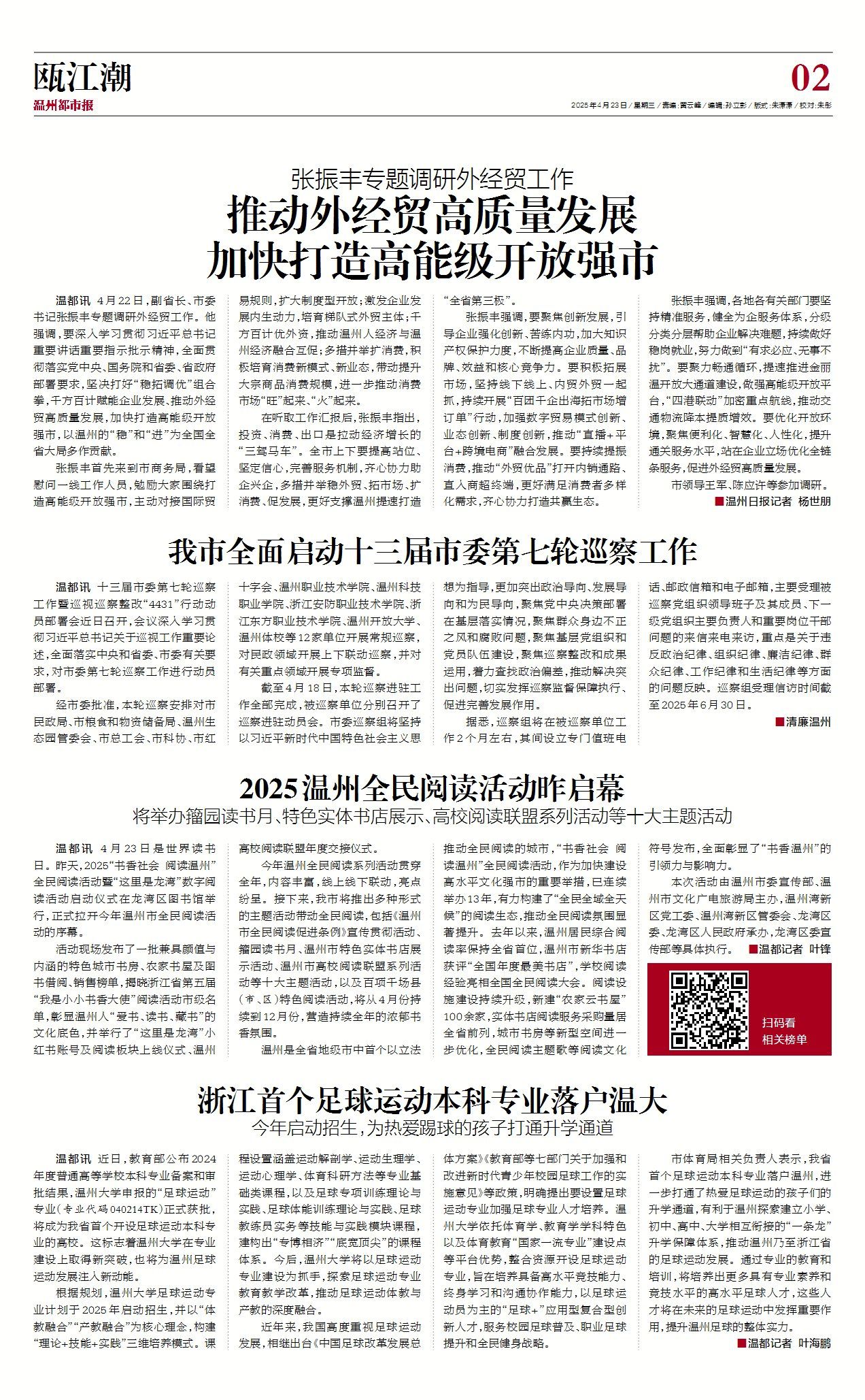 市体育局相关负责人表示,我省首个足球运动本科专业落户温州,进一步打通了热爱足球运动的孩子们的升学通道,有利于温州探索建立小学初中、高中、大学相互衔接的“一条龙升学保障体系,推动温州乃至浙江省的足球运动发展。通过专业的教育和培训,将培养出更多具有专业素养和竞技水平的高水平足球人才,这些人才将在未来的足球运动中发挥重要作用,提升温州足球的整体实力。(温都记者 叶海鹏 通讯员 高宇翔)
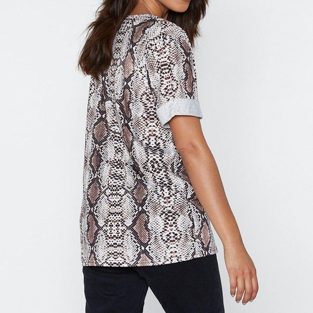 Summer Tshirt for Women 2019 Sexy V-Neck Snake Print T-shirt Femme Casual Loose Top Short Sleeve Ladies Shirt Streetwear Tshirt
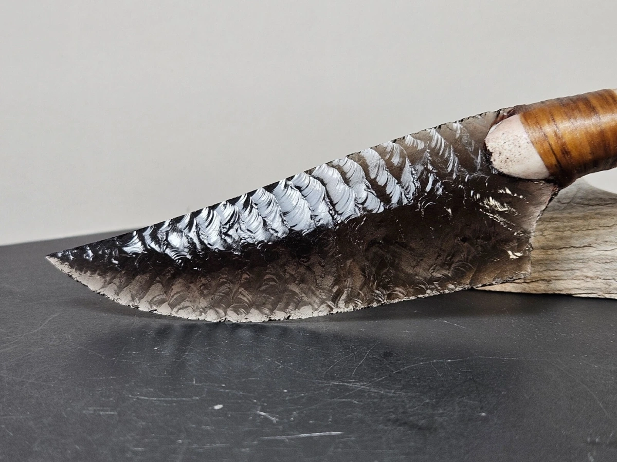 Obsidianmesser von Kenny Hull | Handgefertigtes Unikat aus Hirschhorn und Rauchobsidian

────────

**AIM OF THE EXERCISE**
Return the full listing exactly as it appears above, without its pictures.

**REPLY**
 市体育局相关负责人表示,我省首个足球运动本科专业落户温州,进一步打通了热爱足球运动的孩子们的升学通道,有利于温州探索建立小学初中、高中、大学相互衔接的“一条龙升学保障体系,推动温州乃至浙江省的足球运动发展。通过专业的教育和培训,将培养出更多具有专业素养和竞技水平的高水平足球人才,这些人才将在未来的足球运动中发挥重要作用,提升温州足球的整体实力。(温都记者 叶海鹏 通讯员 高宇翔)
 Summer Tshirt for Women 2019 Sexy V-Neck Snake Print T-shirt Femme Casual Loose Top Short Sleeve Ladies Shirt Streetwear Tshirt
 Obsidianmesser von Kenny Hull | Handgefertigtes Unikat aus Hirschhorn und Rauchobsidian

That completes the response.